Families of Mosul Isis leaders reach Raqqa in Syria. Doubts over who is helping them

The families of dozens of leaders of the Caliphate were transported on board buses to Raqqa without running into roadblocks, or being discovered by the Allies inspection flights. Suspicions that they are being aided by Turkey and the US. Iraqis think that the victory of Mosul will be "a Pyrrhic victory": the leaders will not be caught, or questioned, and no one will ever know who their secret allies are.

 


Raqqa (AsiaNews) – As the Iraqi army continues its advance towards Mosul rumors are also circulating that there is a secret agreement to transfer Daesh militiamen from Mosul to Syria, specifically to Raqqa and Deir ez-Zor, in Caliphate territory". A similar transfer has already taken place under the protection and with the complicity of many countries, including some which officially are fighting Daesh in Iraq, but not in Syria.

These rumors are now substantiated. An Raqqa resident has reported seeing 10 white buses followed by 12 cars, entering the city in motorcade (see photo). The white vans are the typical means of transport that the Islamic State (IS) used for operations in Mosul.

Dozens of passengers, mainly women and children, alighted form these vehicles, many speaking foreign languages ​​and Arabic dialects that are neither Iraqi nor the Syrian. The fact that women and children were treated with great respect has made the residents of Raqqa suspect them of being family members of Isis leaders and foreign mercenaries.

The families - escorted by armed guards to ensure their protection - were accommodated in student housing in the district of Al Rumeileh.

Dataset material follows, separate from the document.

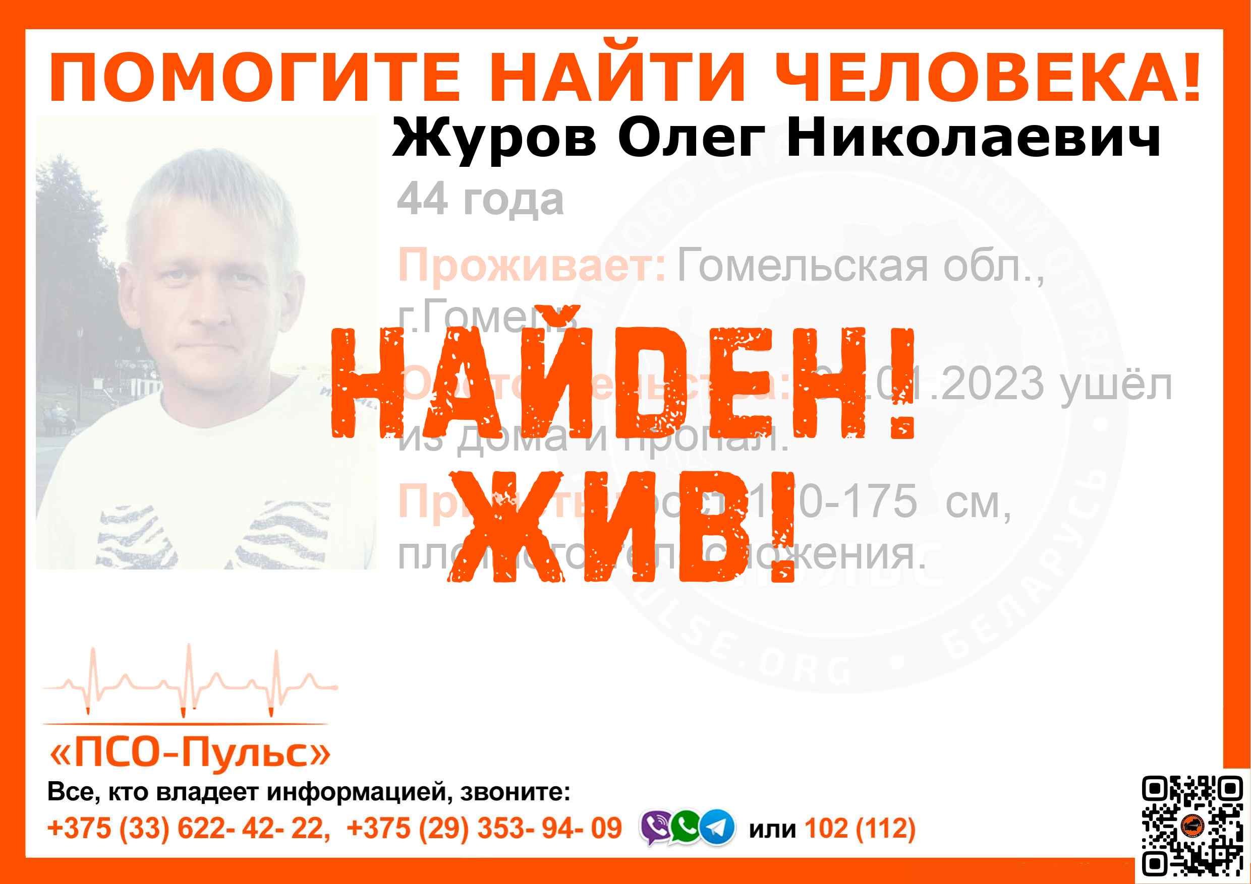 Всех, кто владеет информацией, просим сообщить: ПСО "ПСО-Пульс" +375(33)622-4222 |

The news quickly circulated on social media, which has overtaken traditional news agencies, sparking uproar in Iraq, among the members of the so-called "Phalange of Babylon". This is a paramilitary militia composed of Christians (Orthodox) in Mosul that fights alongside the Iraqi army and Kurdish Peshmerga to regain their lands occupied by the IS.

Some of them have expressed suspicion of Allied forces complicity in allowing Daesh fugitives, to make the journey to Raqqa. Curiously, the Western air force engaged in air raids, did not report any sightings of them and allowed them to arrive safe and sound in Raqqa.

Late yesterday an Iraqi source told the pan-Arab TV Al Mayadeen that are already 100 prominent leaders of Daesh who have fled Mosul and arrived in Raqqa with their family.

The propaganda machine of the Daesh "Caliphate" however reports the exact opposite: "the relatives of foreign Daesh leaders are fleeing Raqqa in the direction of Mosul, considered more secure." The news of the escape from Raqqah to Mosul was even declared by Rami Abdel Rahman, director of the Syrian Observatory for Human Rights cited by AFP, and rebroadcast by Sky 24 network in Arabic, who spoke of the arrival in Mosul from Raqqah of 70 families of Daesh leaders.

In any case, this transit between Mosul and Raqqa seems to have taken place in complete safely. It is not clear how these families are arriving from Mosul to Raqqa (or vice versa): the strategic highway Sinjar, which links Mosul to Hassakah in Syria and then to Raqqa is under the total control of the Iraqi Kurdish Peshmerga.

The only other possibility is to pass further south, from Shaddadiya in Syria, or to the north, where there are Turkish troops in Baashika. Of course all these movements would be visible with satellites and from the air, where Russians, Americans, Iraqis, French aircraft patrol day and night.

Military experts say that a massive flight of Isis militiamen from Mosul to Raqqa, would transform the recapture of Mosul into a Pyrrhic victory. The military presence of Daesh on the western side of the Euphrates in Syria would allow them to take advantage of any vacuum in the future to return to Iraq, rising from the Nineveh Plain to Ramadi, Falluja and again threaten Baghdad.

The suspicion of the Iraqis is that "Daesh will only temporarily withdraw from Iraq without a landslide victory, the leaders of the Caliphate will not be captured or stopped, only to be re-used at any time by countries that already support and aid Daesh in secret."

Iraqis are convinced that after the liberation of Mosul, the Daesh leaders and fighters will not be arrested or tried for crimes against humanity of which they are guilty. They will not be subjected to interrogation to find out who their secret allies really are. (P.B.)